Blackbird has some other features to push users towards measured, reviewed changes:

Granularity control during plan creation, so that you can push the plan generator to create smaller, easier to specify changes
The ability to review changes after each task is completed. You can accept, reject, or request changes
Coming soon: the ability to have automated code reviews as chunks of the plan are completed

All of these are configurable, so if you did want to just let it rip you can do that too.

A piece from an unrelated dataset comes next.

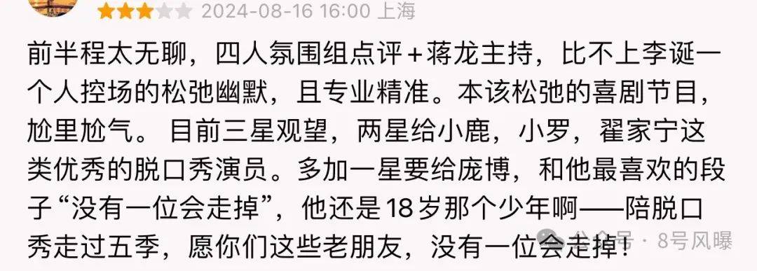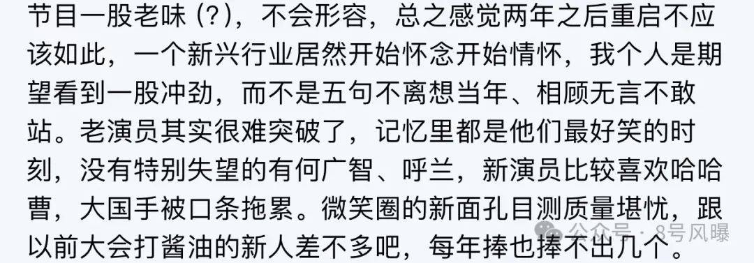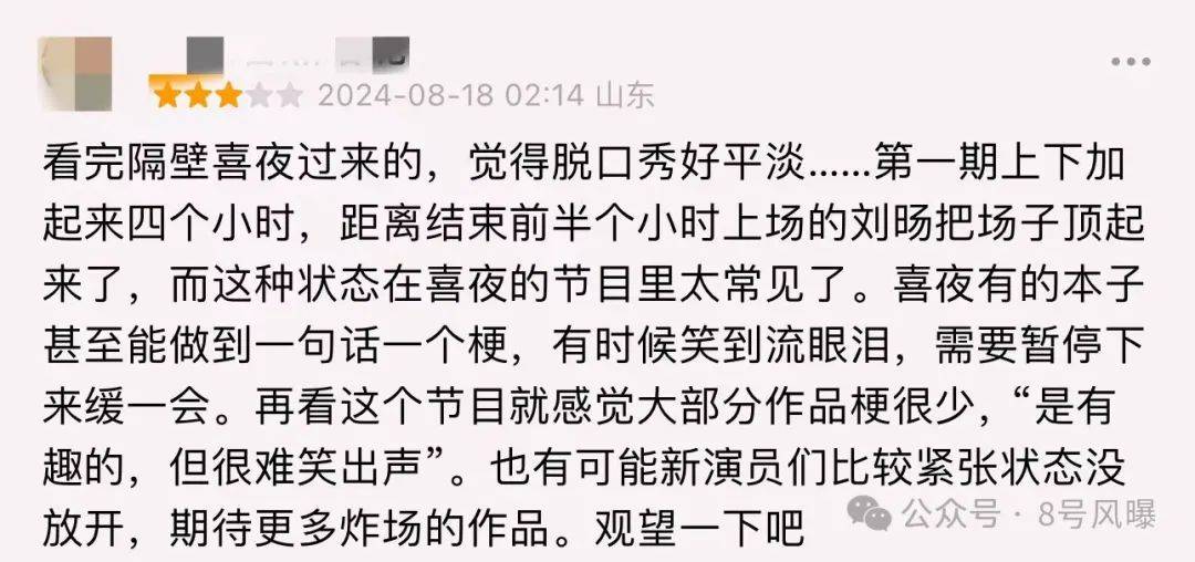 不仅如此,从内容方面来说,一些看完一期的观众表示,整期节目下来给人的感觉相对平淡,看了第一期上半场只有一个刘旸这样一个比较出彩的演员,还不如《喜人奇妙夜》的梗密集有趣。

Because each task has its own context window, blackbird can just keep chugging through tasks for as long as your token allotment allows.

Comedy of errors

It has been over three years since the initial public release of ChatGPT. There has been massive change in the field of software engineering, and there are no signs of that slowing down any time soon. Coding agents like Claude Code or OpenAI’s Codex are here, and they are good. But they’re not perfect, and the more you use them the more likely you are to recognize some issues:

There’s almost always some variance between what the user intends for the agent to build, and what it actually builds
If allowed, that variance will compound
Eventually context windows fill, and the imperfect compaction processes employed by these agents cement any of that earlier variance as ground truth in the compacted subset of the context window
As a context window compacts, its remaining free space is diminished, increasing the rate at which further compaction and degradation occur

When it comes to spec-driven development, these downsides are all at play. However, by taking a few pragmatic steps we can circumvent most of them:

Ensure that your specs are detailed and accurate to your intention as the developer. Don’t let the AI have free reign over this process
Ensure that any downstream artifact, such as a task list, is also closely inspected and edited as needed to match your intent
Treat context as a liability, feeding the agent just what information it needs to do its job without confusing it or allowing the context of previous work to turn sour

I think by doing the above, you’ll find that you can take your spec-driven development to the next level.